Article 6, Clause 1 of GDPR states, legitimate interest is legal only if the processing is necessary for the legitimate interests being pursued by the controller or by a third party. There is an exception where such interests are overridden by the interests or fundamental rights of the data subject, which need personal data protection, mainly where the data subject is a child.
Your basis of legitimate interest can further be contested. Therefore, you must ensure your interests are in line with the individual. Whatever your offering is, it should relate to the specific business activity as declared by the company statute.
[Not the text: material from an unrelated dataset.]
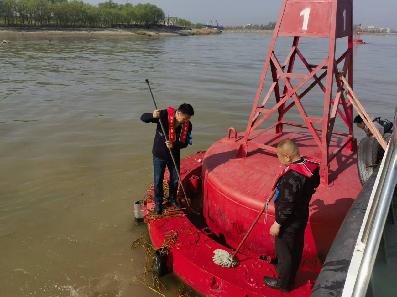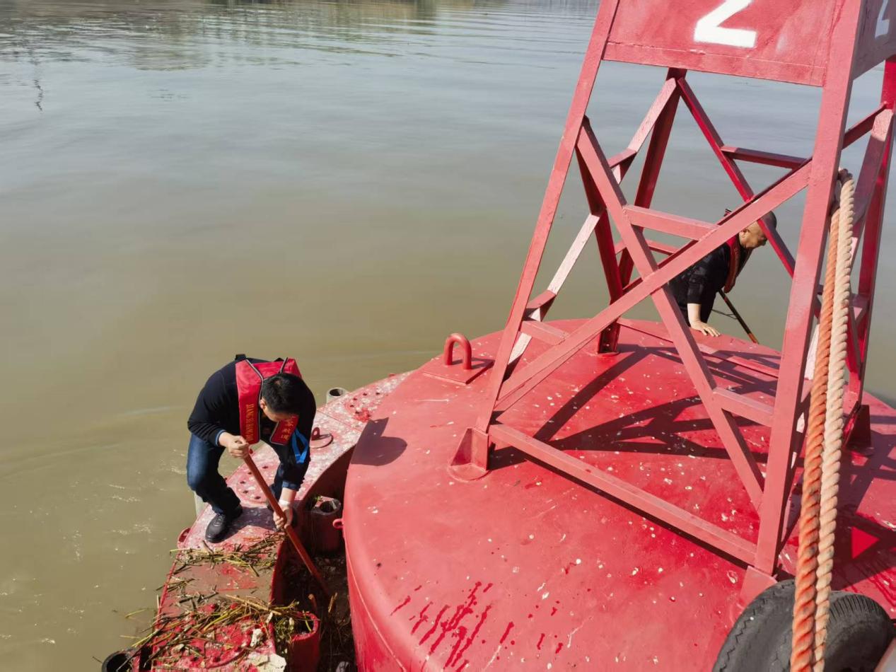 在灌河县城段巡查中,巡查组发现部分侧面浮标浮箱内侧积聚大量春季漂浮物。工程养护科科长成斐立即组织党员先锋队展开清理作业。“隐患不等人,安全不过夜!”队员们手持钩刀、捞网等工具,在浮动平台上细致清理缠绕在浮标结构中的水草、树枝及生活垃圾。经过连续作业,累计清除浮杂物约0.5吨,并对所有清理后的航标进行彻底清洗和功能检测,确保航标视觉效能与导航功能全面达标。

You should do some background research beforehand. The email copy should specify some context of the same.
You can add the following three critical pieces of information to signify legitimate interest in your email copies.
It should contain information about how you've processed the individual's data.
A brief explanation:
It should specify the reasons why you're precisely processing their data?
Instructions of change/removal:
It should've instructions of the procedure following which recipients can change or remove the data.
3. The option to unsubscribe or opt-out
Whoever sends cold business emails, you must give people a straightforward way to opt-out or unsubscribe. The recipients should be able to exercise their right to erasure and right to restriction. For this, you can add an unsubscribe link at the bottom of the email.
4. Clean and maintain your database regularly
. Delete any unresponsive or inactive leads. Data security is essential. The software and system should comply with GDPR. You've to regulate the data access and maintain a proper record of levels of data clearance. You can anonymize or pseudonymize data or even do encryption for more data security. Ultimately, your systems and processes should be secure.
5. Be prepared for the GDPR questions and complaints
You should be ready with an informative reply to tackle fundamental questions and complaints from the GDPR prospects. Well-supported by the relevant details, the companies should answer the questions reasonably and explain their stance clearly.
With the introduction of GDPR, companies in the EU companies have changed how they handle personal data. Failure to comply with GDPR can lead to a fine of up to 20 million euros. Complying with the rules will benefit everyone- the EU can benefit by securing its residents' data, your business will be considered trustworthy as you value your customer's privacy, and in return, your customers will experience transparent communication exchanges.